Unlike basic text search, this server builds a local knowledge graph to understand your code.
- Advanced Hybrid Search: Combines keyword search (BM25 via Tantivy) with semantic vector search (via LanceDB + jina-code-embeddings-0.5b) using Reciprocal Rank Fusion (RRF) — a technique that merges ranked results from different search systems by position rather than raw score.
- Smart Context Assembly: Token-aware budgeting with query-aware truncation that keeps relevant lines within context limits.
- On-Device LLM Descriptions: Automatically generates natural-language descriptions for every symbol using a local Qwen2.5-Coder-1.5B model (llama.cpp with Metal GPU), enriching search with human-readable summaries. This bridges the vocabulary gap between how developers search ("auth handler") and how code is named (
authenticate_request). - PageRank Scoring: Graph-based symbol importance scoring (similar to Google's original algorithm) that identifies central, heavily-used components by analyzing call graphs and type relationships.
- Learns from Feedback: Optional learning system that adapts to user selections over time.
- Production First: Multi-layer test detection (file paths, symbol names, and AST-level
#[test]/mod testsanalysis) ensures implementation code ranks above test helpers. - Multi-Repo Support: Index and search across multiple repositories/monorepos simultaneously.
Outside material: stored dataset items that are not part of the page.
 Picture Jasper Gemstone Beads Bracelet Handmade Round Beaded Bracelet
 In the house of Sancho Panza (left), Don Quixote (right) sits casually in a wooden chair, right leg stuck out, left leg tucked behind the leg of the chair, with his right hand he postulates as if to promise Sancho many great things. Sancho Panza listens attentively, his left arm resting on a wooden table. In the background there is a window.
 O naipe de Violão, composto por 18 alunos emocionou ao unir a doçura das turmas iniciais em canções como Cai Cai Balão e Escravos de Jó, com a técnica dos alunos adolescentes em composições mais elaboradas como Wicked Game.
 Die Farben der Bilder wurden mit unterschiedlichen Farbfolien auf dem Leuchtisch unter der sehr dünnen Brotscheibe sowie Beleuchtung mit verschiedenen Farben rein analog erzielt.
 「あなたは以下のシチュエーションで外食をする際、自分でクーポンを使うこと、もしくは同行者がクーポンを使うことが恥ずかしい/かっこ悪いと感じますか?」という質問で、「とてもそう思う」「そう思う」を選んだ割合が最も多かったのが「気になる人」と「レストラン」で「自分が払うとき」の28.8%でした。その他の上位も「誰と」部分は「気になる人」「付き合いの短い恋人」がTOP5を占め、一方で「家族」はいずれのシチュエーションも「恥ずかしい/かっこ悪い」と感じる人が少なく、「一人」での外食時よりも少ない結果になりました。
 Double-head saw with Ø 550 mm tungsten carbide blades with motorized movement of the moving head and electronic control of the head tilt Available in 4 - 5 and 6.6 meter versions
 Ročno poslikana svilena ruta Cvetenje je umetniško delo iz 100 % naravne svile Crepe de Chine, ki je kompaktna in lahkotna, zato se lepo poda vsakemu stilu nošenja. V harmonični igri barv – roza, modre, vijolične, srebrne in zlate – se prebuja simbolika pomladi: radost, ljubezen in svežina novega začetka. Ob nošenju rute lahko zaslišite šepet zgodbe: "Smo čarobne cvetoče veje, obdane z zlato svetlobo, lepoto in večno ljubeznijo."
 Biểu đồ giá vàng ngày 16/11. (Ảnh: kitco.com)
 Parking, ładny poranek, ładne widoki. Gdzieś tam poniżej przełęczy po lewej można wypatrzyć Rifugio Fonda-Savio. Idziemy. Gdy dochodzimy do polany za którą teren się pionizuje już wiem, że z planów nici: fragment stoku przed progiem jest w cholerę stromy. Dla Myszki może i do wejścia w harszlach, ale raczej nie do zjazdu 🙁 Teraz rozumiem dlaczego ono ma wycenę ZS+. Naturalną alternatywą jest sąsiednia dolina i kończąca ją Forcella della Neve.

- OS-Native File Watching: Uses the
notifycrate with macOS FSEvents for instant re-indexing on file changes. - Fast & Local: Written in Rust with Metal GPU acceleration on Apple Silicon. Parallel indexing with persistent caching.
Quick Start
Runs directly via npx without requiring a local Rust toolchain.
Claude Code
Add to your MCP settings (global ~/.claude.json or project-level .mcp.json):
{
"mcpServers": {
"code-intelligence": {
"command": "npx",
"args": ["-y", "@iceinvein/code-intelligence-mcp"],
"env": {}
}
}
}Or install via the CLI:
claude mcp add code-intelligence -- npx -y @iceinvein/code-intelligence-mcpOnce connected, Claude Code gains 23 MCP tools for semantic search (search_code), symbol navigation (get_definition, find_references), call/type graphs (get_call_hierarchy, get_type_graph), impact analysis (find_affected_code, trace_data_flow), and more. The server auto-detects the working directory and begins indexing in the background.
OpenCode / Trae
Add to your opencode.json (or global config):
{
"mcp": {
"code-intelligence": {
"type": "local",
"command": ["npx", "-y", "@iceinvein/code-intelligence-mcp"],
"enabled": true
}
}
}The server will automatically download the embedding model (~531MB) and LLM (~1.1GB) on first launch, then index your project in the background.
Standalone Server Mode
By default, each MCP client spawns its own server process (stdio transport). If you run multiple clients against the same repo, a per-repo leader lock (flock()) ensures only one instance performs indexing, file watching, and LLM description generation. The leader loads the LLM (~1.1GB) during indexing and automatically frees it once descriptions are complete. Follower instances never load the LLM — they open the search index read-only and pick up the leader's changes. All instances load their own copy of the embedding model (~531MB) for query-time vector search.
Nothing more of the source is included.